# Do I need to bother with deductions



## CoffeeMan311 (Oct 25, 2017)

I work a full time job and only uber on the weekend. Do I need to bother with tracking mileage and gas? Most likely doing standard deduction.


----------



## Older Chauffeur (Oct 16, 2014)

Yes, you still need to track your mileage to use as a deductible expense from your earnings as a TNC driver. You will report your earnings and expenses from your business on Schedule C to determine if you made a profit or loss. It doesn't matter whether you use the standard deduction or itemize your deductions on your tax return, you will carry over the bottom line from your TNC business to Schedule A.
You may be confused by the term "standard," because the IRS uses it in describing the deductible costs for business mileage, known as the Standard Mileage Rate (SMR.) You can choose to track the actual vehicle operating expenses, like gas and repairs, but for most TNC drivers the SMR is better, not to mention easier to figure with less record keeping. You will need a contemporaneous mileage log, which basically means noting the starting and ending odometer readings for each shift you drive.

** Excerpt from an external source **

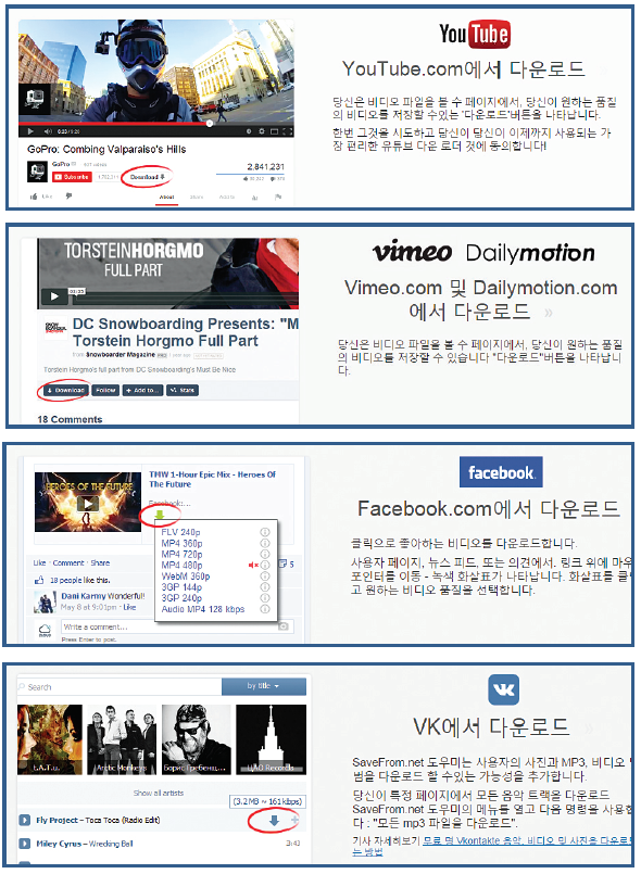 ‘savefrom.net’에서 동영상을 다운받으려면 사이트에 접속해 해당영상 URL을 복사해 붙여 넣은 후 저화질부터 고화질의 영상을 취사 선택해 다운로드하면 된다. ‘savefrom.net’은 유튜브 외에 페이스북, 비메오, VK.COM 등 다양한 영상사이트를 지원한다.

Disclosure: I am not a tax professional, but UberTaxPro is, and you can read through the threads in this taxes forum to find his answers to just about anything you need to know.


----------



## SEAL Team 5 (Dec 19, 2015)

CoffeeMan311 said:


> I work a full time job and only uber on the weekend. Do I need to bother with tracking mileage and gas? Most likely doing standard deduction.


Yes you do. You need to deduct operation expenses from your new found business. Trust me, you don't want to pay the 15.3% SE tax from the total that Uber inserts on your 1099.


----------



## Tysmith95 (Jan 30, 2017)

CoffeeMan311 said:


> I work a full time job and only uber on the weekend. Do I need to bother with tracking mileage and gas? Most likely doing standard deduction.


Don't bother tracking gas expenses. Just track the mileage expense.


----------